What if someone wrote a thriller such that the obstacles the hero must overcome are bureaucracy and the inertia of public opinion rather than galactic threats or the villainy of maniacal despots? Greg Bear's 2000 Nebula Award-winning novel ends up being exactly that book. The concept that underlies the novel is fascinating, that evolution can take place within a generation such that worldwide health officials mistake it for a disease. Bear excels at the explanation of his premise; the scientific passages rival those of Michael Crichton for entertainment value, and the reader walks away with a decent helping of information about the latest evolutionary and biological research.
Fortunately, Bear's characterization works more completely than it did for Moving Mars, such that the three main characters are accessible even if they are not always likable. Among them, they also form an interesting emotional triangle as well as a nexus for the research surrounding the discovery that humankind is about to take its next step. Kaye Lang is the protagonist we follow most often through the course of the novel, and she has moments of strength and weakness, of lucidity and ignorance, just as real people do. But most importantly, those interleaving moments are caused not by inconsistency on her part, but by the movement of the events around her, beyond her control.

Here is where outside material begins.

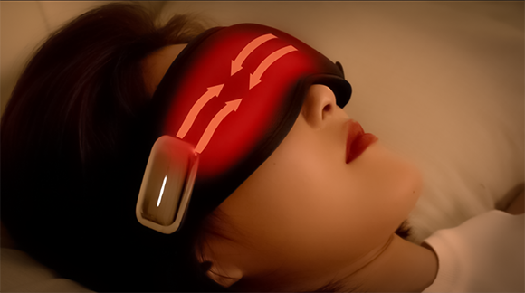 振動だけでなく、「CW-E18」は埋め込み式発熱素材を採用し、アイマスク内部の温度を最もリラックスできる40~50℃に保ち、目の周辺の筋肉をリラックスさせます。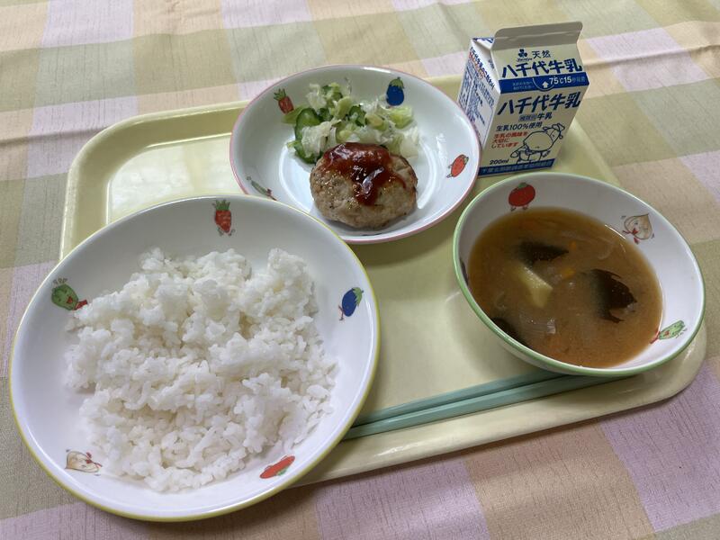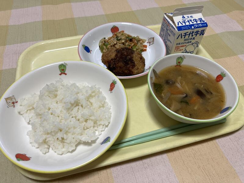 献立:ごはん、ひじき入り豆腐ハンバーグ、キャベツとじゃこの和え物、じゃがいものみそ汁、牛乳

Unfortunately, unlike Crichton thrillers, such as Jurassic Park, there is not an immediate peril that the heroes can face down. During the first third of the book, as the characters gather and we are allowed bits and pieces of the evidence for what is taking place, the story moves swiftly and powerfully, from location to location. We meet the characters, their personalities are described through their actions, and the strands of the web begin to come together. But by the second third of the book, we know what is happening to the human race, and the momentum that was built up before is dissipated in the face of the bureaucracy and their unwillingness to accept what is happening to them, which so thoroughly goes against the established theories of evolution. This is not to say that Bear's depiction of a world in the throes of a medical emergency it cannot understand (even if there really is no emergency) is not accurate. In fact, Bear's scenes of disruption are chilling in their likely accuracy. Yet, chapters concerned with scientists and bureaucrats arguing around a board room table simply cannot carry the emotional power of impending doom. There is immediacy, but no one is defending themselves from, you know, dinosaurs on a rampage. And at the end of such passages, there is no climax or momentary release from the tension, just an overwhelming sense of the stupidity of the hive mind. There simply is no fighting the bureaucratic machine--one can run away from it (and the heroes do, many times by the book's end)--and there is no escaping Mother Nature. In fact, the most compellng scenes are those where we witness the public's reaction to the changes taking place around them. The terror, expressed in the protests, the riots, and even the sacrificing of others, carry the emotional impact of the novel until the last few pages, when Everything Changes.
As I was reading, I found myself pondering the convention of this type of book, where a calamity of global importance is taking place, and yet the reader views the most important events from the eyes of a small cast of characters, who often come together. In The Real World, the likelihood that so few people would have such important roles throughout all the phases of such an emergency is rather unlikely. But this fiction is one the reader must follow in order that the story be told with any sort of narrative consistency--how well would the story work if each event was witnessed by a different character, for whom pages and chapters must be spent in order to fully round them out? The author must somehow solve a narrative/structural dilemma--too many page or really flat characters or everything happening to just a few characters. I'd love to read a book that attempts to resolve the problem in a unique way.
So, given the constraints of the kind of book he is writing and the "enemy" the heroes have to face down, Darwin's Radio is a strong novel asking questions that may require real-world answers sooner than we may imagine. The novel is a page-turner and one which I looked forward to picking up as soon as I could after putting it down, Crichton-esque with a twist.